With the advent research of Document Image Analysis and Recognition (DIAR), an important line of research is explored on indexing and retrieval of graphics rich documents. It aims at finding relevant documents relying on segmentation and recognition of text and graphics components underlying in non-standard layout where commercial OCRs cannot be applied due to complexity. This thesis is focused towards text information extraction approaches in graphical documents and retrieval of such documents using text information.
Automatic text recognition in graphical document (map, engineering drawing, etc.) involves many challenges because text characters are usually printed in multi-oriented and multi-scale way along with different graphical objects. Text characters are used to annotate the graphical curve lines and hence, many times they follow curvi-linear paths too. For OCR of such documents, individual text lines and their corresponding words/characters need to be extracted.

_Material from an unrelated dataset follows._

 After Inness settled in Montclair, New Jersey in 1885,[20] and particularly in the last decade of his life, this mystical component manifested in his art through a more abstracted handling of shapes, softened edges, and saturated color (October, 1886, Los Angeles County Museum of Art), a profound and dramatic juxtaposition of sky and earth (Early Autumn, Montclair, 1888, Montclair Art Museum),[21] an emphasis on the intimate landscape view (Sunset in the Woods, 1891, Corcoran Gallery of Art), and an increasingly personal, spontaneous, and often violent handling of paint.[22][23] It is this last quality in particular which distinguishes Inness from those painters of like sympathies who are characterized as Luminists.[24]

For recognition of multi-font, multi-scale and multi-oriented characters, we have proposed a feature descriptor for character shape using angular information from contour pixels to take care of the invariance nature. To improve the efficiency of OCR, an approach towards the segmentation of multi-oriented touching strings into individual characters is also discussed. Convex hull based background information is used to segment a touching string into possible primitive segments and later these primitive segments are merged to get optimum segmentation using dynamic programming. To overcome the touching/overlapping problem of text with graphical lines, a character spotting approach using SIFT and skeleton information is included. Afterwards, we propose a novel method to extract individual curvi-linear text lines using the foreground and background information of the characters of the text and a water reservoir concept is used to utilize the background information.

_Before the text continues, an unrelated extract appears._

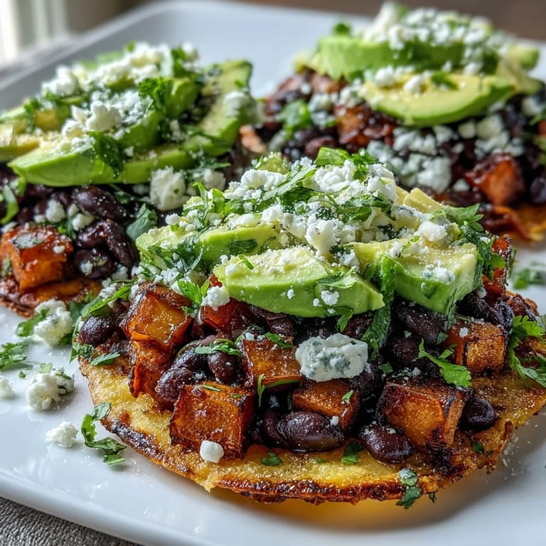 Merken An meinem Küchentisch saß ich eines Abends und starrte auf eine Süßkartoffel, eine Dose schwarze Bohnen und eine Tüte Tostada-Schalen, die ich spontan gekauft hatte. Ich hatte keine Ahnung, wie sie zusammenpassen würden, aber der Hunger war stärker als meine Zweifel. Als die Süßkartoffel im Ofen zu karamellisieren begann und dieser rauchige Duft die Küche füllte, wusste ich, dass etwas Gutes entstehen würde. Die Limette über den Bohnen zu pressen war der Moment, in dem alles Sinn ergab. Seitdem sind diese Tostadas mein Rettungsanker, wenn ich etwas Farbenfrohes und Sättigendes brauche.

We have also formulated the methodologies for graphical document retrieval applications using query words and seals. The retrieval approaches are performed using recognition results of individual components in the document. Given a query text, the system extracts positional knowledge from the query word and uses the same to generate hypothetical locations in the document. Indexing of documents is also performed based on automatic detection of seals from documents containing cluttered background. A seal is characterized by scale and rotation invariant spatial feature descriptors computed from labeled text characters and a concept based on the Generalized Hough Transform is used to locate the seal in documents.